> **About this task**
Pictures are to be excluded. Please print only the lines from the one containing "NOVIANTI, WULAN (2012)" through the end of the data, exactly as they appear.

> **Supplied material**
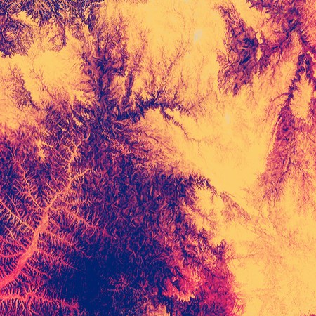 Abstract landscape illustration mimicking mountainous terrain with blue rivers
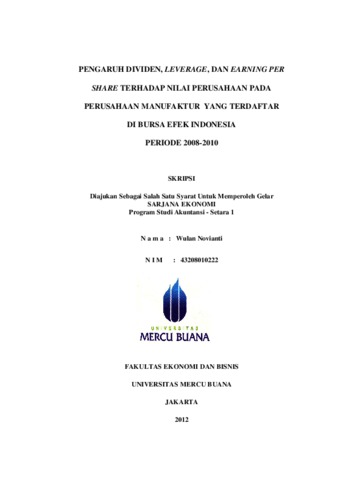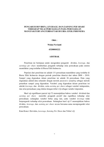 NOVIANTI, WULAN (2012) PENGARUH DIVIDEN, LEVERAGE, DAN EARNING PER SHARE TERHADAP NILAI PERUSAHAAN PADA PERUSAHAAN MANUFAKTUR YANG TERDAFTAR DI BURSA EFEK INDONESIA PERIODE 2008-2010. S1 thesis, Universitas Mercu Buana Jakarta.
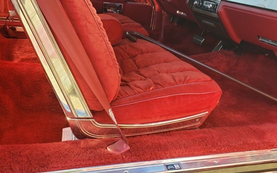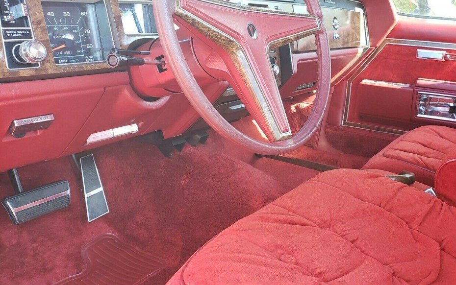 The seller claims, “You will not find a cleaner lower mileage car anywhere“. Quite possibly true, this one is a real looker and is in like-new condition. There is no explanation for this Bonneville’s limited usage but clearly, it has been well stored. The finish, trim, chrome, vinyl top, glass, wire wheel covers, you name it, this Bonneville has some serious Broughamness, with a capital B, going on. The finish, in particular, reveals great depth and shine with its Starlight Black hue, contrasting beautifully with the Carmine red interior and body-side pinstripe.

> **Solution for this exercise**
 NOVIANTI, WULAN (2012) PENGARUH DIVIDEN, LEVERAGE, DAN EARNING PER SHARE TERHADAP NILAI PERUSAHAAN PADA PERUSAHAAN MANUFAKTUR YANG TERDAFTAR DI BURSA EFEK INDONESIA PERIODE 2008-2010. S1 thesis, Universitas Mercu Buana Jakarta.
 The seller claims, “You will not find a cleaner lower mileage car anywhere“. Quite possibly true, this one is a real looker and is in like-new condition. There is no explanation for this Bonneville’s limited usage but clearly, it has been well stored. The finish, trim, chrome, vinyl top, glass, wire wheel covers, you name it, this Bonneville has some serious Broughamness, with a capital B, going on. The finish, in particular, reveals great depth and shine with its Starlight Black hue, contrasting beautifully with the Carmine red interior and body-side pinstripe.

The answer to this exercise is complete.